→ ABOUT THIS EXERCISE:
Exactly as written and without the pictures, output the entries below.

:::::

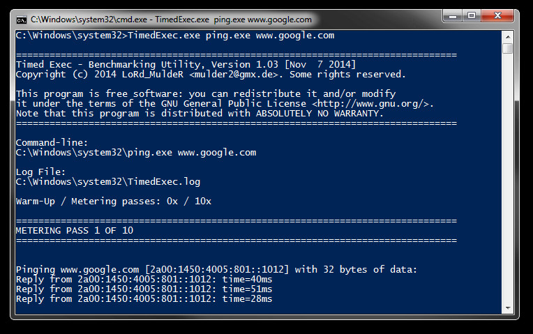 TimedExec je malý nástroj pro testování rychlosti programů příkazových řádků. Spustí program se zadanými argumenty a změří čas, který je potřeba k jeho dokončení. Aby bylo dosaženo přesných výsledků, používá TimedExec časovač s vysokým rozlišením a program spustí několikrát. Výsledkem je průměrná doba ze všech měření.
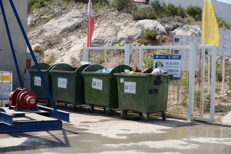 The sorting dustbins at the construction site of the Peljesac Bridge on the Peljesac Peninsula, Croatia. (Xinhua/Gao Lei)
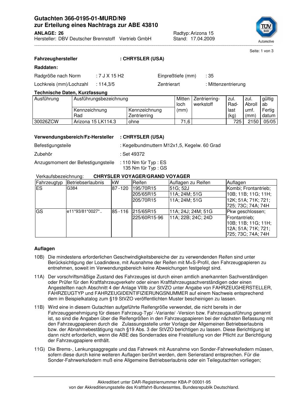 Felgengutachten / abe für Alufelgen DBV Deutscher Brennstoff Vertrieb GmbH Arizona 15 (ET 0, Mittenloch 0 mm) mit KBA 43810 (Zertifikatsnummer 43810). Hier kostenlos als PDF herunterladen. Der Download-Link ist 24 Stunden gültig und kann bis zu zwei Mal verwendet werden.
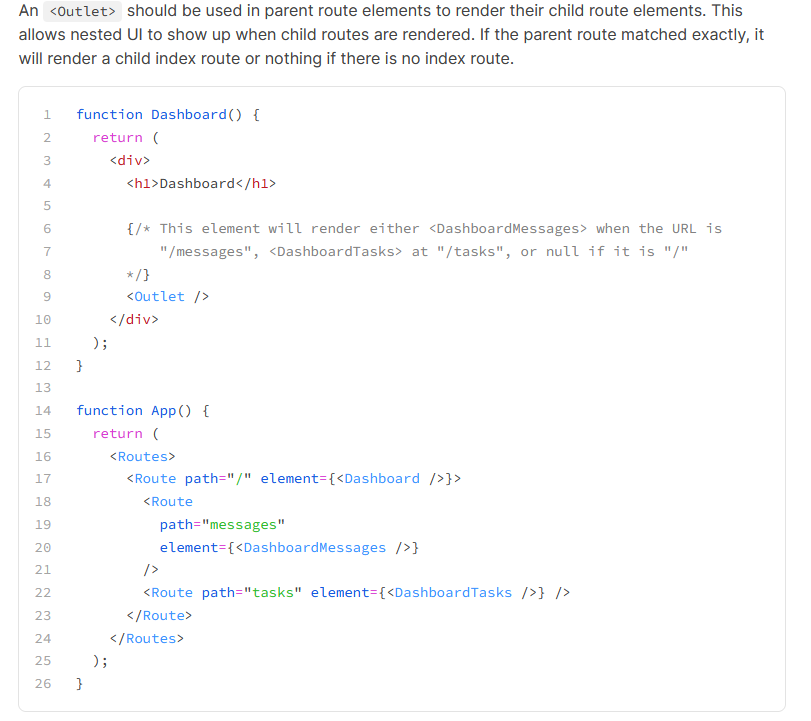 Outlet은 부모 컴포넌트에 쓰여 자식을 랜더링 해주기 위해서 사용한다. 즉 자식 컴포너트를 보여줄지를 결정하는 것이다.
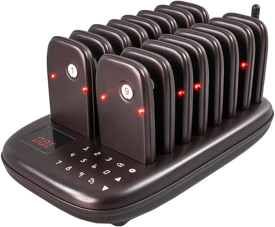 【أداء متميز】- يتكون نظام أجهزة الاستدعاء في المطاعم من جهاز إرسال لوحة مفاتيح لاسلكي مكون من 998 قناة و16 قطعة من أجهزة الاستدعاء اللطيفة. إنه يجعل من الممكن تجنب فوضى الموظفين والحفاظ على المسافة الاجتماعية وتحسين كفاءة العمل.
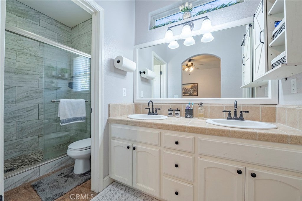 • Interior FeaturesCeiling Fan(s), High Ceilings, Open Floorplan, Pantry, Tile Counters, All Bedrooms Down, Bedroom on Main Level, Main Level Primary
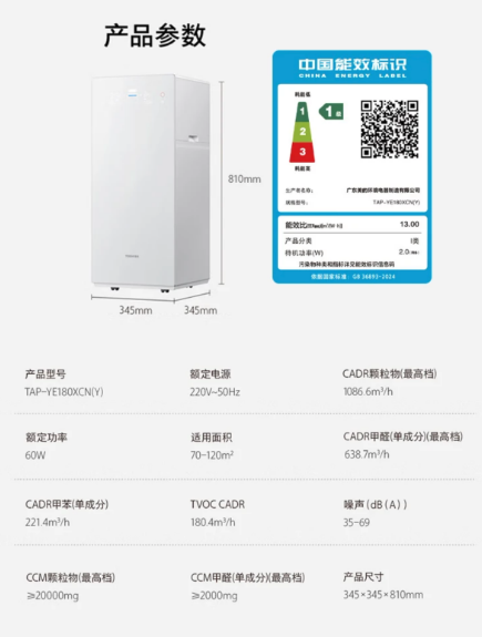 净化数据:颗粒物CADR 709m³/h、CCM达P4级,H13 HEPA过滤效率99.97%,TVOC去除率95%+,纯物理净化无臭氧。
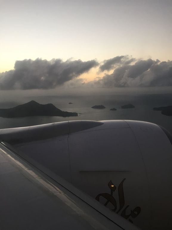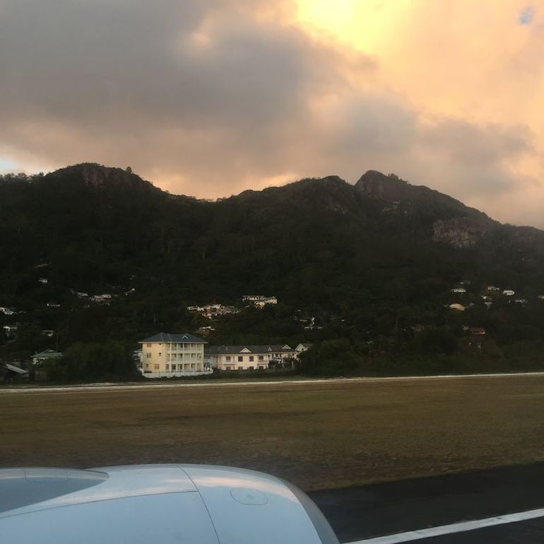 Приземлялись в Маэ на рассвете, наблюдая за островками на глади воды.
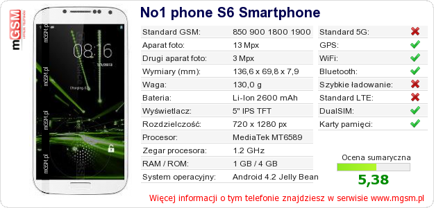 Dane telefonu No1 phone S6 Smartphone na Twojej stronie
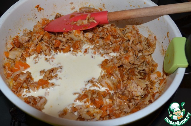 Влить сливки, перемешать, прокипятить на малом огне и выключить. Остудить.
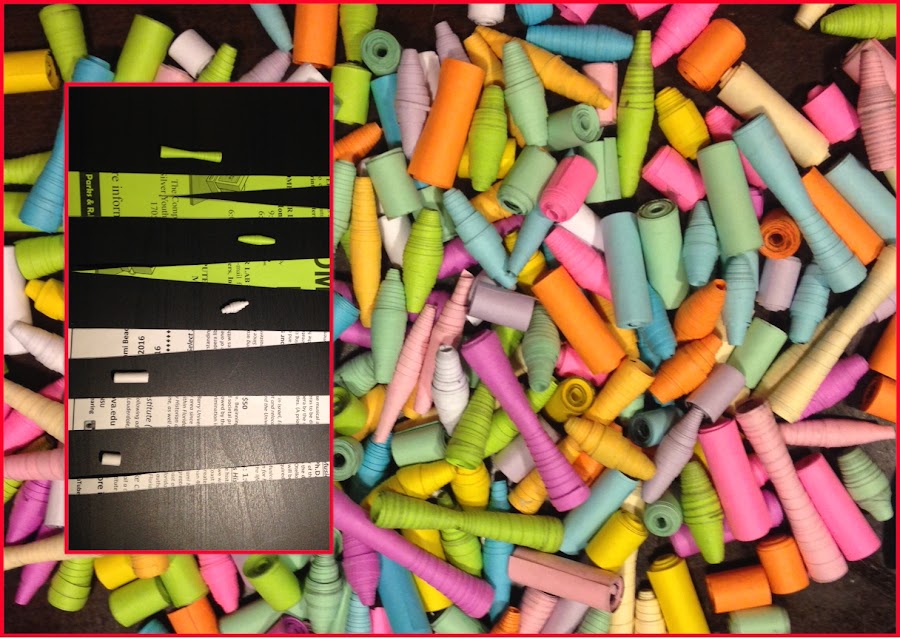 Con la regla dibujar lineas rectas en las hojas de papel a lo largo, un ancho de 1, 2 y 3 cm aprox., en algunas hazle unos lineas rectas en diagonal, en algunas tiras (formando 2 triángulos) después corta con la tijera las diferentes tiras de papel; comienza a enroscar la tira de papel en el palito de madera, cuando estés a punto de terminar, pon en el extremo del papel un poco de pegamento blanco y termina de enroscar, quita el palito y listo ya tienes la cuenta de papel. Has todas las que quieras y de los colores que quieras.

:::::

→ TASK RESPONSE:
 TimedExec je malý nástroj pro testování rychlosti programů příkazových řádků. Spustí program se zadanými argumenty a změří čas, který je potřeba k jeho dokončení. Aby bylo dosaženo přesných výsledků, používá TimedExec časovač s vysokým rozlišením a program spustí několikrát. Výsledkem je průměrná doba ze všech měření.
 The sorting dustbins at the construction site of the Peljesac Bridge on the Peljesac Peninsula, Croatia. (Xinhua/Gao Lei)
 Felgengutachten / abe für Alufelgen DBV Deutscher Brennstoff Vertrieb GmbH Arizona 15 (ET 0, Mittenloch 0 mm) mit KBA 43810 (Zertifikatsnummer 43810). Hier kostenlos als PDF herunterladen. Der Download-Link ist 24 Stunden gültig und kann bis zu zwei Mal verwendet werden.
 Outlet은 부모 컴포넌트에 쓰여 자식을 랜더링 해주기 위해서 사용한다. 즉 자식 컴포너트를 보여줄지를 결정하는 것이다.
 【أداء متميز】- يتكون نظام أجهزة الاستدعاء في المطاعم من جهاز إرسال لوحة مفاتيح لاسلكي مكون من 998 قناة و16 قطعة من أجهزة الاستدعاء اللطيفة. إنه يجعل من الممكن تجنب فوضى الموظفين والحفاظ على المسافة الاجتماعية وتحسين كفاءة العمل.
 • Interior FeaturesCeiling Fan(s), High Ceilings, Open Floorplan, Pantry, Tile Counters, All Bedrooms Down, Bedroom on Main Level, Main Level Primary
 净化数据:颗粒物CADR 709m³/h、CCM达P4级,H13 HEPA过滤效率99.97%,TVOC去除率95%+,纯物理净化无臭氧。
 Приземлялись в Маэ на рассвете, наблюдая за островками на глади воды.
 Dane telefonu No1 phone S6 Smartphone na Twojej stronie
 Влить сливки, перемешать, прокипятить на малом огне и выключить. Остудить.
 Con la regla dibujar lineas rectas en las hojas de papel a lo largo, un ancho de 1, 2 y 3 cm aprox., en algunas hazle unos lineas rectas en diagonal, en algunas tiras (formando 2 triángulos) después corta con la tijera las diferentes tiras de papel; comienza a enroscar la tira de papel en el palito de madera, cuando estés a punto de terminar, pon en el extremo del papel un poco de pegamento blanco y termina de enroscar, quita el palito y listo ya tienes la cuenta de papel. Has todas las que quieras y de los colores que quieras.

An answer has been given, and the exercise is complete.